# Defence Ammo Farse!!



## Bore.224 (Mar 23, 2005)

After one has selected a calibre IE , 9mm , 40 S&W etc etc for a defensive firearm the next step is what is the best cartridge in that calibre for a defensive situation. The market is full of them , gold dot , hydra shock , silvertip , glaser etc etc. Gun writers test this ammo in so called ballistic gelatin and seem to base their real world performance on this , but I wonder if they get royalties for the ammo company? My story follows and I am in no way stating I have the ansewer to the best load for defence , the moral of my story to follow is that I have lost all trust in so called defensive ammo.

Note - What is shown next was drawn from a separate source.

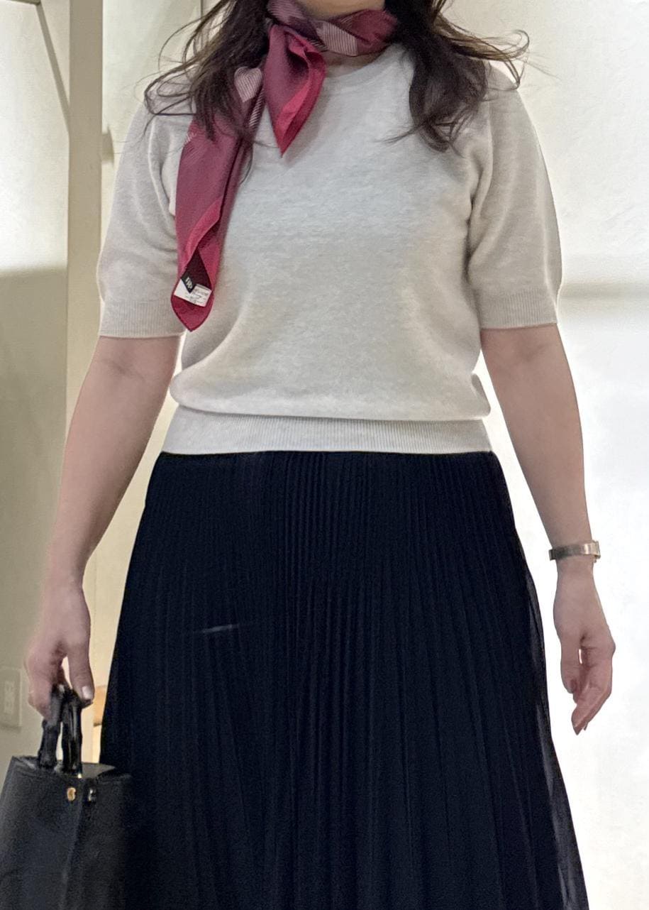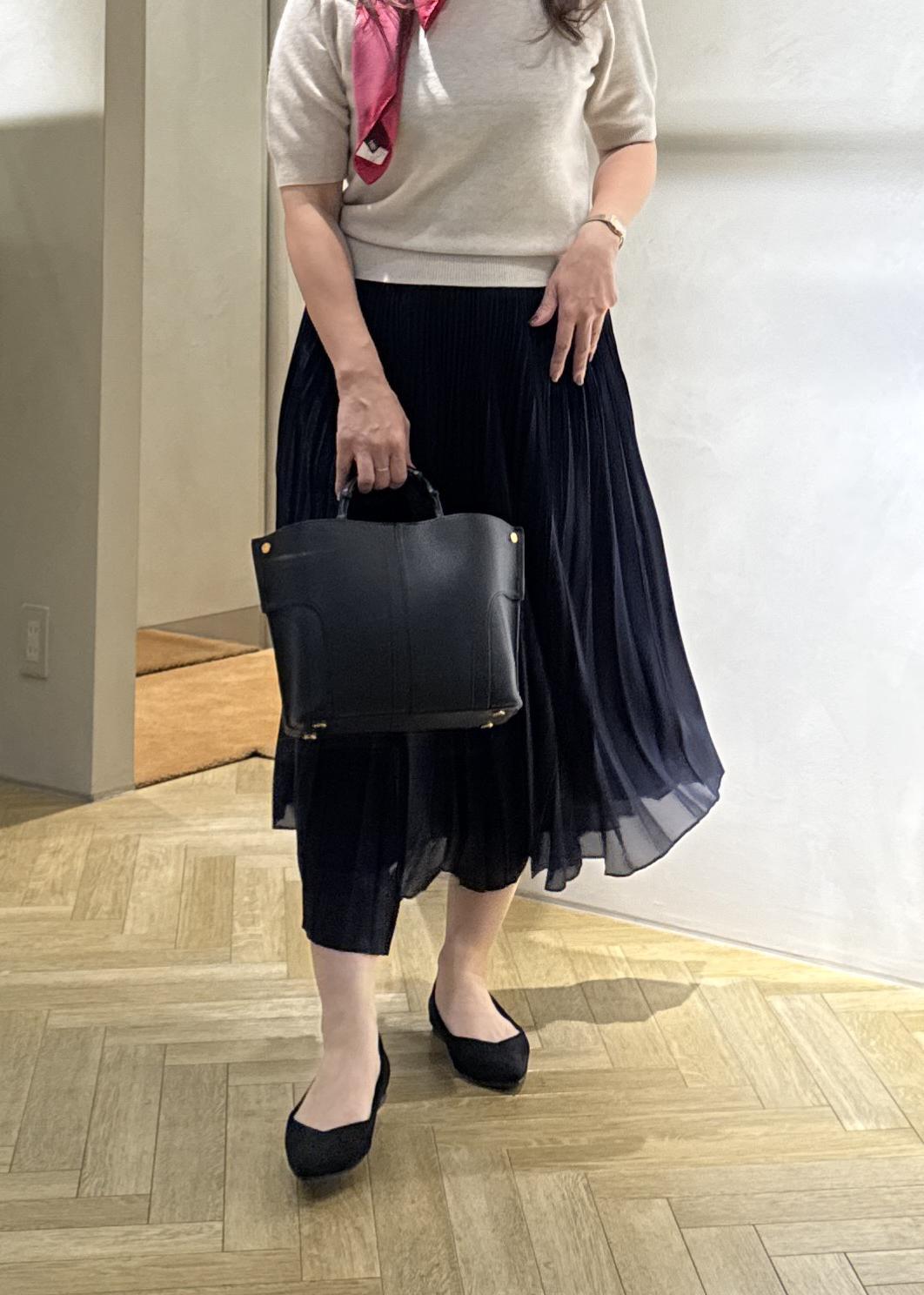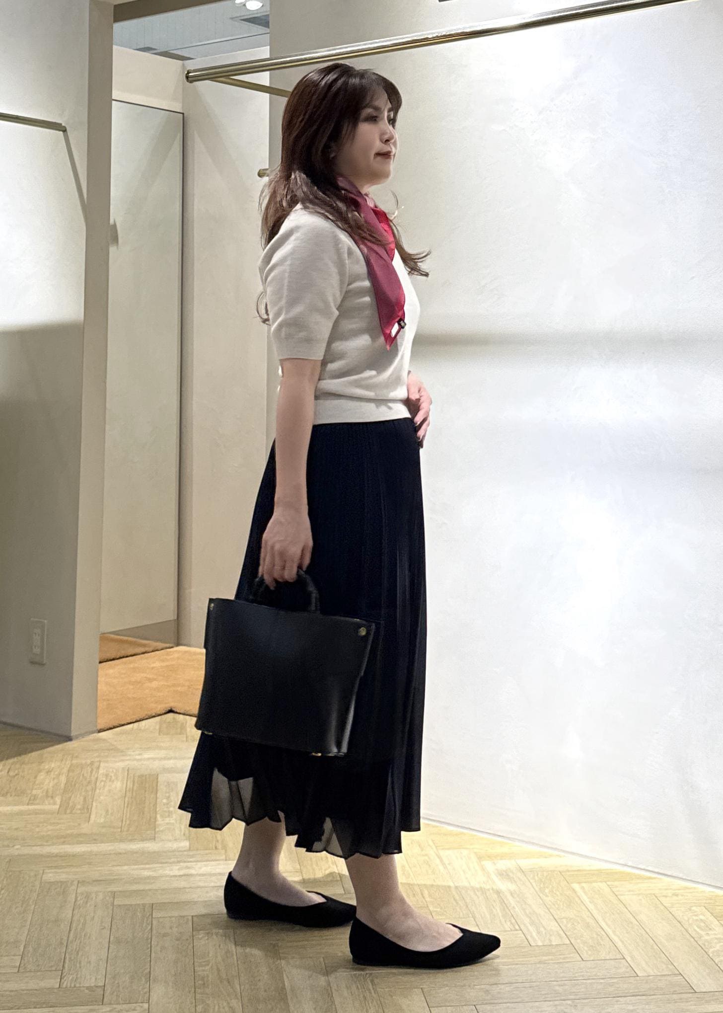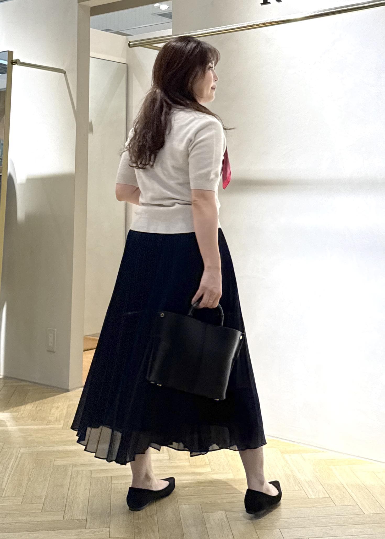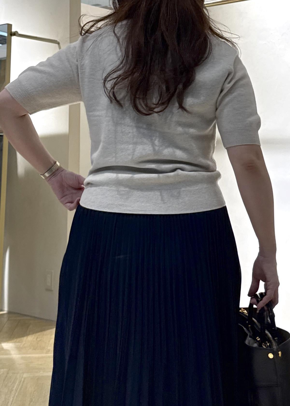 細かなプリーツで広がりをおさえたラインでいつもは気になる腰周りやヒップは気にならず。ただウエストから腰の盛り上がりは目立つかなと思ったのでトップスのイン具合、着丈でカバーしたいかなと私は思いました。

2 weeks ago I was bass fishing with freinds and had my sidekick on my hip a Beretta 92FS 9mm. I had loaded the pistol with Starfire 95 grn hollowpoints listed velocity of 1250 fps on the box. I felt that maybe a light high velocity bullet would get at least some expansion on small game and varmits I might encounter "boy was I right". After cathing two crappie "no Bass" we decided to move to another spot, just then a large muskrat came sailing by in the water and headed for the shore about 15 yards away. I looked at my buddies and they nodded so I drew the pistol and as the muskrat walked onto a log in the far mud bank I drew a bead and BANGGGG dead right their. A couple of high fives and I went to retrive my prize. Huge entry wound NO EXIT !! 3 to 4 inches of muskrat stopped the bullet, I could not belive it. This could get you killed in a gun fight and makes me wonder is this what happened to the police in the miami shootout. Heck I would rather a 22 lr than this 9mm ammo for defence!! Now I know I could use 115 or 127 or even 147 bullets but for now I am sticking to FMJ Ammo for defence! What say You??


----------



## Plainsman (Jul 30, 2003)

I think there are two types of poor rounds. Huge hollow points and full metal jackets. Up in northern climates you often have a few layers of clothing to get through. If you were shooting at an old guy like me you might have to shoot through long john underwear, shirt, sweater, light jacket, and a parka on top. Maybe leather in between somewhere. 
One good rule is purchase a bullet with as large of a flat point as your firearm will function with reliably. Those round nose full metal slip through like butter, but try a conical with a flat point and you get much more tissue damage. 
The only reliable way is to test some yourself. In wet newspaper you should get at least 12 inches of newspaper. Bullets that upset twice their diameter are likely not to penetrate well, and bullets without hollowpoints are likely to penetrate, but not expand. Low velocity bullets need larger hollopoints while bullets that exceed 1200 fps perhaps need no more than flat points. 
When I carry concealed in the city I carry a 45 Springfield XD with large hollowpoints. When I carry in the country I carry a 1911 with a 22 lb recoil spring and 200 gr round nose flat point cast bullet at 1200 fps. I don't intend for that bullet to mushroom much at all, but then it starts out 45 caliber, and has a flat point. It's a bullet intended for the 45 colt in cowboy action shooting. Diameter is .452 instead of .451.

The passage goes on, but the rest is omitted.